L'échec d'Israël (12/01/2009)

images.jpegQue faut-il faire avec ses ennemis — intimes? Dialoguer avec eux? Les combattre par la force? Pactiser? Les exterminer?
Depuis 60 ans, Isräel ne sait que faire de ses ennemis, en particulier le Hamas — mouvement à la fois politique, religieux et « terroriste ». La stratégie qu'il utilise, la démonstration de violence, toujours la meme, se révèle à chaque fois dangereuse et stérile. Rappelonsl'histoire récente, comme le fait Dominique Eddé, dans Le Monde du 5 janvier : «L'opération "Raisins de la colère", accompagnée du massacre de Cana, au Liban, en 1996 ? Elle a renforcé le Hezbollah et s'est soldée par le retrait des troupes israéliennes du Liban sud en 2000. L'opération "Rempart à Jénine", au printemps 2002 ? "Voie ferme", deux mois plus tard ? 2002 et 2003 ont été des années sanglantes pour les populations civiles en Israël : 293 morts. "Arc-en-ciel", en mai 2004 ? "Jour de pénitence", quatre mois plus tard, au nord de la bande de Gaza, avec les mêmes sinistres bilans ? Les assassinats de dirigeants politiques du Hamas exécutés et revendiqués sans complexe par le pouvoir israélien ? Les attentats-suicides ont culminé en 2005. Et, au début de l'année suivante, le Hamas obtenait la majorité absolue aux élections législatives. »
Il y a, dans la politique israélienne, une véritable culture de l'échec, qui repose sans doute sur un vrai désarroi. C'est pourquoi, l'un après l'autre, les divers gouvernements au pouvoir s'obstinent dans une politique du pire. Bien sûr, personne ne veut le reconnaître, car il n'est pas facile de reconnaitre ses échecs. Mais cette politique vient de faire, à Gaza, près de 1000 morts, dont un tiers de femmes et d'enfants…
Pourquoi, alors, continuer?
Les raisons ne manquent pas : parce que les élections israéliennes sont proches, et qu'il faut montrer au Hamas (et au monde entier) qui est le plus fort. Parce que les Palestiniens, une fois encore, méritent une bonne leçon. Parce que Barak Obama, futur président des États-Unis, risque de vouloir changer la donne au Proche-Orient.
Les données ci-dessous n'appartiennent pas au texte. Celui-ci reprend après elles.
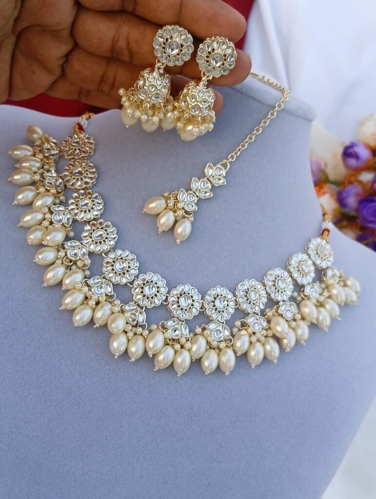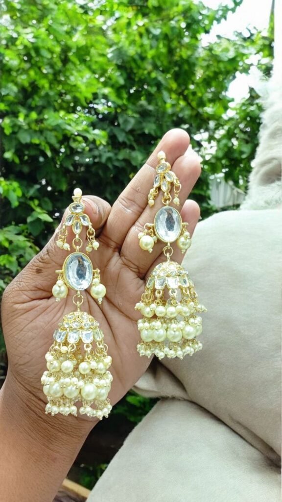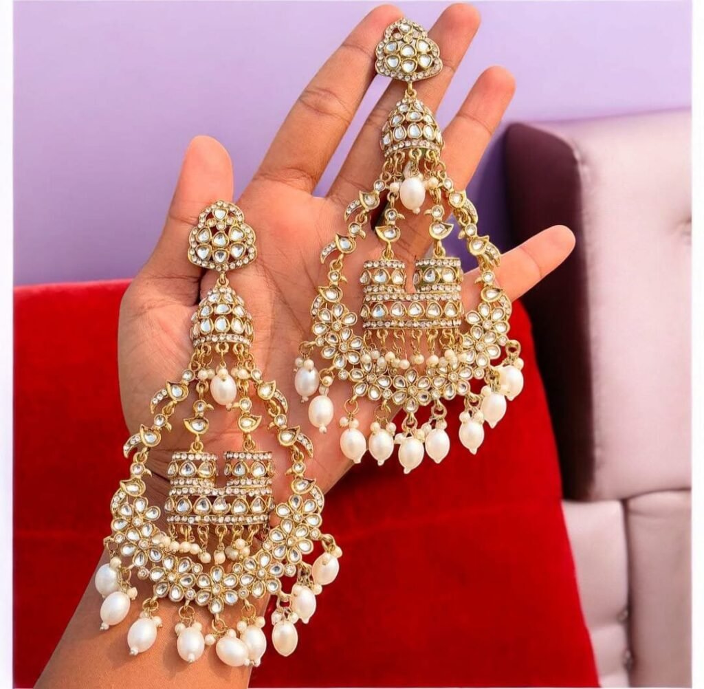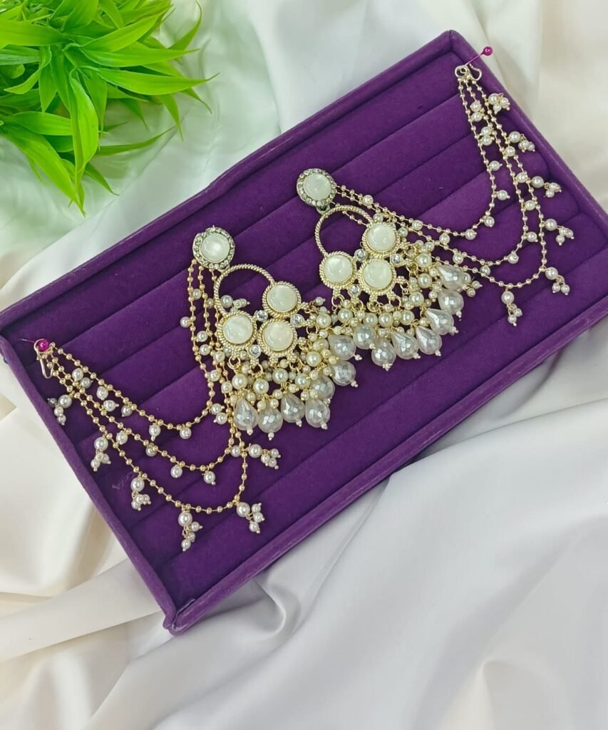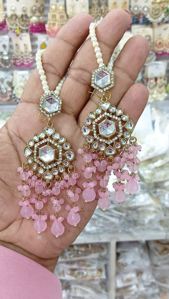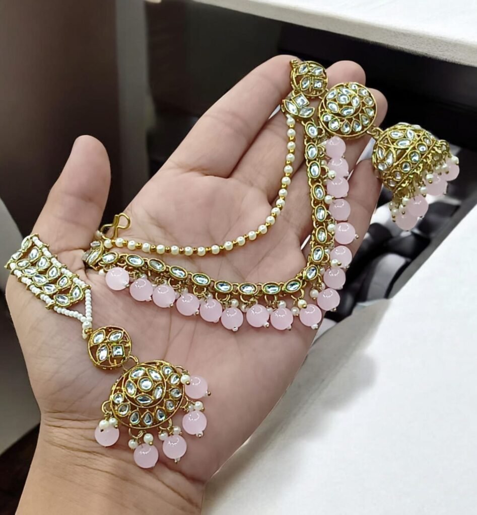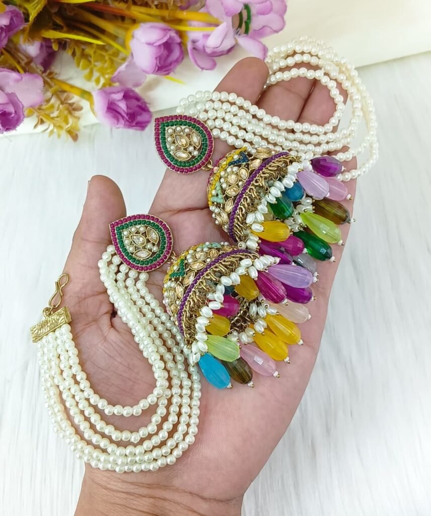 Embellishment: High-quality faux pearls (pinkish tint) and tiny bead hangings for a graceful dangling effect.

Parce qu'il faut souder la population israélienne face à un ennemi commun et infréquentable…
Encore et toujours, à l'œuvre, la fameuse logique du bouc émissaire, chère à René Girard : pour assurer sa cohésion, une communauté doit désigner un bouc émissaire et l'immoler sur la place publique. Ce que fait parfaitement Israël…
Cette logique vieille comme le monde remporte, semble-t-il, un grand succès en Israël, où la majorité de la population soutient l'opération punitive de son armée. Le problème, c'est qu'elle dresse toute la communauté internationale contre l'État hébreu, car le monde entier est las, aujourd'hui, de ces logiques archaïques et sanglantes, qui ne mènent nulle part.